[Problem to work on]: In how many lines of the listing below does "tǒng" appear? Give only the figure.

*** Opening Supplied data ***

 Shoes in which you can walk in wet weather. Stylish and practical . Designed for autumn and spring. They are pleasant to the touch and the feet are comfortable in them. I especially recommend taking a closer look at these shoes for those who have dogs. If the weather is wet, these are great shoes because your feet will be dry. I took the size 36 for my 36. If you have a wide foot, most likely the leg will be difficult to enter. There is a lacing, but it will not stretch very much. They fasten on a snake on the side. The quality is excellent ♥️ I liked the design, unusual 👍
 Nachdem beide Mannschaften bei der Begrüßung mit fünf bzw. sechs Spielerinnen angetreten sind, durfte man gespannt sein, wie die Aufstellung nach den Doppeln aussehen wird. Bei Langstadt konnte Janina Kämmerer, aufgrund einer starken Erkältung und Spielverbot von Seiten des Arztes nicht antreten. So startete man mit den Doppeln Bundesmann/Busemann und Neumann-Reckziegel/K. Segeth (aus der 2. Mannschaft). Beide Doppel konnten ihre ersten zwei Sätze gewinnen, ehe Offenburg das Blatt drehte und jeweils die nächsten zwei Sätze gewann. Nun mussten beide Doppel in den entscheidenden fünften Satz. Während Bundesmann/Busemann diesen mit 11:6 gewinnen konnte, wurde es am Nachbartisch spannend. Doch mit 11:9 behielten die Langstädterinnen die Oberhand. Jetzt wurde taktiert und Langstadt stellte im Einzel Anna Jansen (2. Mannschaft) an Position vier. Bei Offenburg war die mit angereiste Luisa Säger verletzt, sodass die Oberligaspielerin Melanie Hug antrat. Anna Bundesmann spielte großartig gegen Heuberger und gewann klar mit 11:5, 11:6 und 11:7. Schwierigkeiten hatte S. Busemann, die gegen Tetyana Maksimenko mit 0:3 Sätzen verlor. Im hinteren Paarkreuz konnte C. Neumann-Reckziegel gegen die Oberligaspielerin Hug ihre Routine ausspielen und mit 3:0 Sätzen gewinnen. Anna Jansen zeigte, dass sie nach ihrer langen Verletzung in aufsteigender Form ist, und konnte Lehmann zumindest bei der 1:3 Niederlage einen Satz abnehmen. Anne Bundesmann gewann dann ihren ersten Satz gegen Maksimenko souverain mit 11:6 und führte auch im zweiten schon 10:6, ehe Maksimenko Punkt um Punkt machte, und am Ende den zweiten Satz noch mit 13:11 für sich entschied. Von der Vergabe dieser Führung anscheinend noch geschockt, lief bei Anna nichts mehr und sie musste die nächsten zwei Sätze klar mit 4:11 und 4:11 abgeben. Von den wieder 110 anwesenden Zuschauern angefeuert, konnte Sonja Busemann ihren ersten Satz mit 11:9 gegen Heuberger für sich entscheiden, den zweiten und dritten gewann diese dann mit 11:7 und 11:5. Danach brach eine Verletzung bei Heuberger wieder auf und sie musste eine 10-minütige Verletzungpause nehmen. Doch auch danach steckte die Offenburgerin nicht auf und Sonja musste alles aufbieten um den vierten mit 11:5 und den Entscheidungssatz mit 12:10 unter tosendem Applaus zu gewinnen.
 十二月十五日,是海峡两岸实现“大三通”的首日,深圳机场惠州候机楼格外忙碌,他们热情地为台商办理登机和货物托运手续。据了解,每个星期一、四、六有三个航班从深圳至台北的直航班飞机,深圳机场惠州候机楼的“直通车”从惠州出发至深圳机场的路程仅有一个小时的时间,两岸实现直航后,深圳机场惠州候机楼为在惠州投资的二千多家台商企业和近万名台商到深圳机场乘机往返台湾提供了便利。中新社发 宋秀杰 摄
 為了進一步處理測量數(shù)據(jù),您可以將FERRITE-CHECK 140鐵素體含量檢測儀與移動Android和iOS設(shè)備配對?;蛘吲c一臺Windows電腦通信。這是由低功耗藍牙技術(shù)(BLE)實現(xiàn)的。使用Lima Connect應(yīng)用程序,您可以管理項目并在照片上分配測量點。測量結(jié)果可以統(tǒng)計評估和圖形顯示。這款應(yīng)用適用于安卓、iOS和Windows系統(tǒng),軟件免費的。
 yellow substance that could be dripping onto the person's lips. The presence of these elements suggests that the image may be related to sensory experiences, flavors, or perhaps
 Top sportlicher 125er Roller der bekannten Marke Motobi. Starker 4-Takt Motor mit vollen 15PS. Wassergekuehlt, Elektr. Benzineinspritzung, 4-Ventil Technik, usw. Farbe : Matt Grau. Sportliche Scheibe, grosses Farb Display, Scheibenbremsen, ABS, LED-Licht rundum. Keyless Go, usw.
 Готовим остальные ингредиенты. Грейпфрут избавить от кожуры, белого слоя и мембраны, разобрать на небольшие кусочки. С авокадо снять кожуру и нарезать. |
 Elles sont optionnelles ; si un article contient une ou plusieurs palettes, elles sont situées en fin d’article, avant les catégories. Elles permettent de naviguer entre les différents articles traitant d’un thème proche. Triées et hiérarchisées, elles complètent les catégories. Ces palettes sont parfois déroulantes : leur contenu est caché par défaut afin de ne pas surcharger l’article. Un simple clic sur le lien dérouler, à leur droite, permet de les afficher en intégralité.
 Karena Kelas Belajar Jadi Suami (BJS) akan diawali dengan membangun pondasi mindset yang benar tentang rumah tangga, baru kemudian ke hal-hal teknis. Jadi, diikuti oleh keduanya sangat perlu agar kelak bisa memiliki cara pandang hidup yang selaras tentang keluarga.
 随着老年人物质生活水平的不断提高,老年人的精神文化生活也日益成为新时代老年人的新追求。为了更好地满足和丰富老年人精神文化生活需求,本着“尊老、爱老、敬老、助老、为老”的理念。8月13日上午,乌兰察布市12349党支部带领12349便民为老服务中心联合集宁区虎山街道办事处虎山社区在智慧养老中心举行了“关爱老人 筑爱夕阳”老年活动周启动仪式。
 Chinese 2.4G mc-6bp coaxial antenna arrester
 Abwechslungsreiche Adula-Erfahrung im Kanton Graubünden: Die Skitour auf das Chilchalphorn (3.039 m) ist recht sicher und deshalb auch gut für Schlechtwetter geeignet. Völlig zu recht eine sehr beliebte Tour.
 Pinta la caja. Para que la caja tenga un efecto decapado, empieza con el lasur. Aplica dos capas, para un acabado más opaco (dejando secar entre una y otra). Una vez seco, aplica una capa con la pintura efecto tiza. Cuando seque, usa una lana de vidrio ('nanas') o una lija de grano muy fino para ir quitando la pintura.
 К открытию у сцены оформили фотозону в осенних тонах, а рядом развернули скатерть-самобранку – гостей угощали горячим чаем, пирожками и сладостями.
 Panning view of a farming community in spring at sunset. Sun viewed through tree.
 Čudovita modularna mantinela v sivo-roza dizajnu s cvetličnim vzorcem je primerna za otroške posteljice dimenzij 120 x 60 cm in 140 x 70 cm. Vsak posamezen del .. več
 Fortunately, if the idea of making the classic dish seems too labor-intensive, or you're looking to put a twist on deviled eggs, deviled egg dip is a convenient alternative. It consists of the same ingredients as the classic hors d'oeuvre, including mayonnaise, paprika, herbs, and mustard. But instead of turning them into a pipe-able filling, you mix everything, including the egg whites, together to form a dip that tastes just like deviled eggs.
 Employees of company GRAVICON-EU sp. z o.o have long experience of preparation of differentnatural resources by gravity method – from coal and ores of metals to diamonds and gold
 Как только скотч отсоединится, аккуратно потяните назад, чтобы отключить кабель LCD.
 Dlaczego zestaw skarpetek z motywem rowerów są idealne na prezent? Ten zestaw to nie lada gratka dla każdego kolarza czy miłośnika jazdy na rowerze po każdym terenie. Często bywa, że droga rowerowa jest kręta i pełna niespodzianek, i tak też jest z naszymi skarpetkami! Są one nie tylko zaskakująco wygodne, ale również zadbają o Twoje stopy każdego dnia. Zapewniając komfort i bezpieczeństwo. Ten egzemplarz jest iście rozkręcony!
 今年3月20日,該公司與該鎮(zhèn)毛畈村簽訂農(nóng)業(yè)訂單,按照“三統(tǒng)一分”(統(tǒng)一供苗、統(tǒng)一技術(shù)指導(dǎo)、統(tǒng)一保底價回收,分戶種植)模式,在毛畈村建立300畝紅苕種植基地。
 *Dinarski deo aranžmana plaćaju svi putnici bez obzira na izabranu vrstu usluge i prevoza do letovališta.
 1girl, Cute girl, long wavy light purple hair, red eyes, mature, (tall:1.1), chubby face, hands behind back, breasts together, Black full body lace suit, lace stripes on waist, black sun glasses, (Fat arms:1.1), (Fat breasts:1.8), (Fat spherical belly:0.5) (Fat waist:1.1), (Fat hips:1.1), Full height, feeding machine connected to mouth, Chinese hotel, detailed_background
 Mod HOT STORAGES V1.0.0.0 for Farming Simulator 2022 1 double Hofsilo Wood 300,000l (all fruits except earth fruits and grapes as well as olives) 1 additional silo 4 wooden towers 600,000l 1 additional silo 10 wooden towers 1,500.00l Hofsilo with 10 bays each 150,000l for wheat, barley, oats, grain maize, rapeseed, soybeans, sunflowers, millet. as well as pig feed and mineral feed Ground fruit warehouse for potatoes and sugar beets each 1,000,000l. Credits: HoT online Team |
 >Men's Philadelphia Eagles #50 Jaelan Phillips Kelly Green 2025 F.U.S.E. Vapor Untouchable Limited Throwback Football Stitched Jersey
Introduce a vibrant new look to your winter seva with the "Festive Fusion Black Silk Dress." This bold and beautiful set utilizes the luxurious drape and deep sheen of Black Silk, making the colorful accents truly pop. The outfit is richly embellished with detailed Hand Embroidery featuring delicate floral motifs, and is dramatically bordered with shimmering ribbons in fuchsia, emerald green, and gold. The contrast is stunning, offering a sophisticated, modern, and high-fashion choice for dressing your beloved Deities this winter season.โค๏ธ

*** Closing Supplied data ***

[Answer for this exercise]: 2